Le big data peut-il s’appliquer à des profils particuliers ?

« Sans doute, comme sur des profils très techniques de programmeurs par exemple», confie Benoît Binachon. Il existe, par exemple, des algorithmes qui savent aller chercher sur le web ce qu’écrivent les développeurs, qu’il s’agisse de lignes de codes ou de conversations avec d’autres développeurs. A partir de toutes ces informations qui sont croisées, il est possible de faire une proposition au développeur ciblé. Néanmoins, il est nécessaire que ce candidat potentiel s’expose et communique sur le web. « On cherche une aiguille dans une botte de foin. On est à la recherche du candidat idéal qu’on ne connaît pas encore », analyse Alexandre Paschulski. Le big data serait donc un complément d’aide à la décision : pas pour tous les jobs mais pour les jobs critiques, qui requièrent des profils rares et atypiques. Si l’entreprise est dans l’attente que le candidat adéquat tombe sur l’offre, soit libre, soit intéressé et postule, il y a peu de chances que l’alchimie se produise. Le big data n’est donc pas une finalité dans cette recherche pour laquelle la méthode de « sourcing » (comprendre «chasser le candidat ») est plus adéquate pour recruter ce type de profil.
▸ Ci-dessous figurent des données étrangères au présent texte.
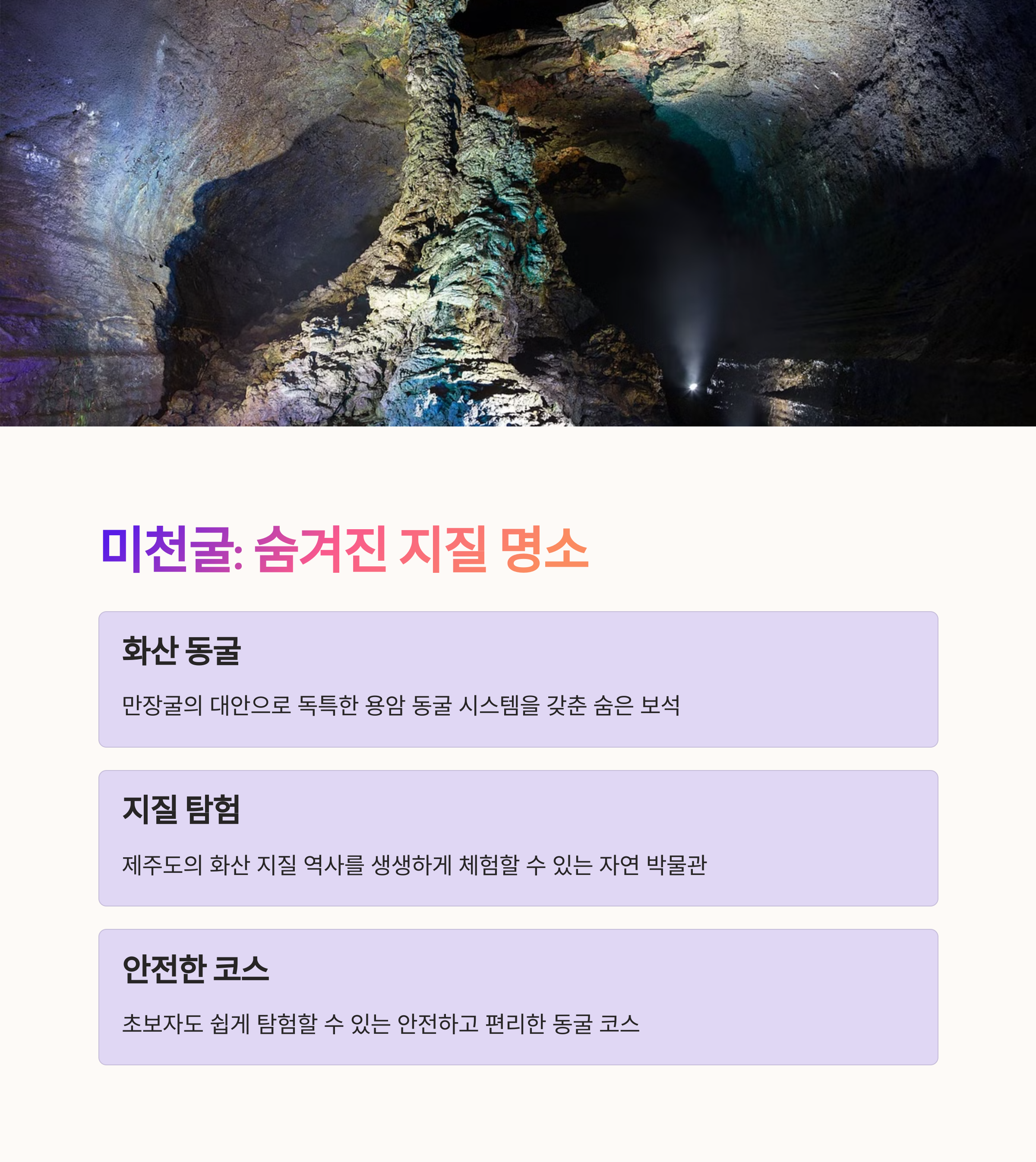 | 함덕 해변, 성산일출봉, 유채꽃 풍경 | 성읍민속마을, 제주 옛 가옥, 전통 체험 | 미천굴, 용암동굴 지질 탐방, 라바 튜브 |

Le big data, ici, n’est pas une finalité. « Je préfère demander à mon réseau (soit une approche en crowdsourcing) si vous connaissez la bonne personne plutôt que de taper une requête afin d’obtenir une réponse algorithmique », déclare Alexandre Paschulski.
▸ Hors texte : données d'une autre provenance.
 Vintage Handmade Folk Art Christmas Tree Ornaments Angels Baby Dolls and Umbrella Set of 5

« En synthèse, le big data pour le RH, c’est encore de la science-fiction »

De quoi ont véritablement besoin les RH ? Si le débat s’est beaucoup tourné vers ce que n’était pas le big data, c’est peut-être parce que dans un contexte de ressources humaines, la réponse aux problématiques actuelles ne s’y trouve pas entièrement.

Les entreprises ne collectent pas l’information qui peut être essentielle : il subsiste une lacune considérable de données qui ne sont pas compliquées à collecter. Qui est le manager de cet employé ? A quelle heure est-il arrivé sur site ? Ces dispositifs, pourtant assez simples à mettre en place et qui ont peu à voir avec le big data, sont au cœur des préoccupations des entreprises.
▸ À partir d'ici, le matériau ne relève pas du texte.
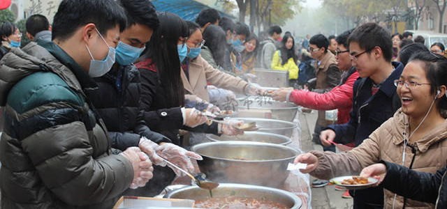 该校管理学院物流1501班的周慧敏,中午从图书馆自习完,就匆匆地赶去食堂。“几天前,QQ和朋友圈就被鱼肉福利刷屏了,学校湖里养的生态鱼啊,还不要钱!昨天晚上我领到票高兴死了。”她笑着举起手中满满一盘红烧鱼块。该校物业服务中心主任明兴旺介绍,今年元月,学校在沁湖投进了1万斤鱼苗,前几天他们捕获了鱼,将5000斤送给学校食堂烹饪给学生免费品尝。鱼肉比较多,所以,本周末的中餐和晚餐,食堂门口都能领到“鱼肉福利”。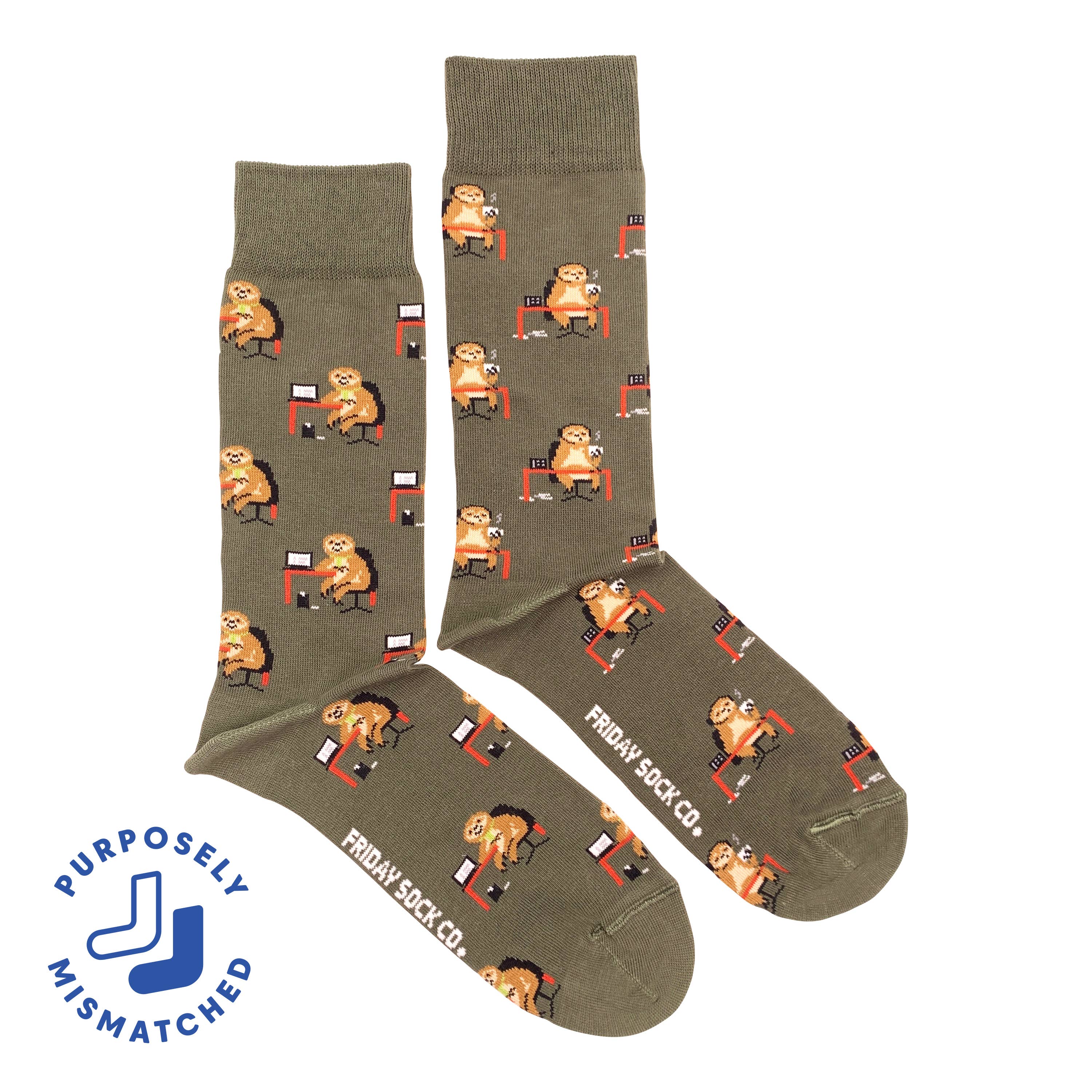 Women’s Working Sloth mismatched socks feature playful sloth designs and soft certified cotton construction. Designed in Canada and made in Italy, they offer novelty appeal and strong sell‑through for boutiques, gift shops, and specialty retailers. Designed in Canada, ethically made in Italy. 85% Egyptian Combed Cotton 12% Nylon 3% Spandex Expertly sewn Rosso Toe Link Yarn blend extending throughout the top cuff for extra durability and comfort Reinforced Heel & Toe Produced using eco-friendly certified Egyptian Combed Cotton* *The yarn used in our socks undergoes a comprehensive, third-party testing and certification system for textile products at all stages of production. Test criteria are updated annually and go far beyond existing legal regulations.

Les nouveaux métiers et les perspectives d’emplois qu’ouvrent le concept de big data sont nombreux : data scientist, analytics, community manager RH… Si l’objectif fondamental d’un recruteur est d’importer, au sein d’une entreprise, le profil le plus adéquat au poste qui le conviendrait le mieux, le big data apporte son aide en « faisant baisser le niveau de hasard ». Néanmoins Benoît rappelle, de son esprit mathématicien, que « le hasard n’existe pas. Ce n’est qu’une trop grande quantité de variable ». En somme, le big data n’a rien d’ésotérique, s’il est associé à de bonnes mécaniques d’interprétation. Et en ce sens, l’humain l’emportera toujours sur la machine.

Alexandre Paschulski et Benoît Binachon ont été reçus au Press Club de France dans le cadre de la conférence-débat mensuelle du Club des Chasseurs de Têtes.